- YOUR GOAL:
Write out, from the entries below, exactly the lines that run between the lines holding "Football player Kerolin" and "Safety Sign, 7", inclusive, and stop there.

(GIVEN INFORMATION Opens)

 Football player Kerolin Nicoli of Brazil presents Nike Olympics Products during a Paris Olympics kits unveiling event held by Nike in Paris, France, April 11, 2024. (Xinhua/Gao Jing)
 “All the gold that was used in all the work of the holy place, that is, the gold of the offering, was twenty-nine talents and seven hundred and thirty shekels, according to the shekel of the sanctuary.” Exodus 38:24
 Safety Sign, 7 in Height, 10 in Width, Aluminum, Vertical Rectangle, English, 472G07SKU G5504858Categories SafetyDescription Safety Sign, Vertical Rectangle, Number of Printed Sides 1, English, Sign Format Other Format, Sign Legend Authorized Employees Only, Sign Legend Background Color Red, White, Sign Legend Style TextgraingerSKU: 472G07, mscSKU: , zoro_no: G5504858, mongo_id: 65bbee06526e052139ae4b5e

(GIVEN INFORMATION Closes)
(GIVEN INFORMATION Opens)

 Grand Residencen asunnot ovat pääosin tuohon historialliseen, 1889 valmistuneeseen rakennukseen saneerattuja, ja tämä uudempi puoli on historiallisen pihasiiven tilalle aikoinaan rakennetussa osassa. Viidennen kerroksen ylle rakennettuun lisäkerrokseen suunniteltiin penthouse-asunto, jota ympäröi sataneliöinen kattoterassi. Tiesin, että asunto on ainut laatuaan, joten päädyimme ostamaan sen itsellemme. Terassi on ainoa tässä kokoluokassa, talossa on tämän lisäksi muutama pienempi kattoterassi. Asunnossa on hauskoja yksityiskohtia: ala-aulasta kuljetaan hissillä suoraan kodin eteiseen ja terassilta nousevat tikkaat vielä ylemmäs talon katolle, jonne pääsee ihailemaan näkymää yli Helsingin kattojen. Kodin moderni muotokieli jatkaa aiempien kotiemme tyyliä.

(GIVEN INFORMATION Closes)

- EXERCISE RESULT:
 Football player Kerolin Nicoli of Brazil presents Nike Olympics Products during a Paris Olympics kits unveiling event held by Nike in Paris, France, April 11, 2024. (Xinhua/Gao Jing)
 “All the gold that was used in all the work of the holy place, that is, the gold of the offering, was twenty-nine talents and seven hundred and thirty shekels, according to the shekel of the sanctuary.” Exodus 38:24
 Safety Sign, 7 in Height, 10 in Width, Aluminum, Vertical Rectangle, English, 472G07SKU G5504858Categories SafetyDescription Safety Sign, Vertical Rectangle, Number of Printed Sides 1, English, Sign Format Other Format, Sign Legend Authorized Employees Only, Sign Legend Background Color Red, White, Sign Legend Style TextgraingerSKU: 472G07, mscSKU: , zoro_no: G5504858, mongo_id: 65bbee06526e052139ae4b5e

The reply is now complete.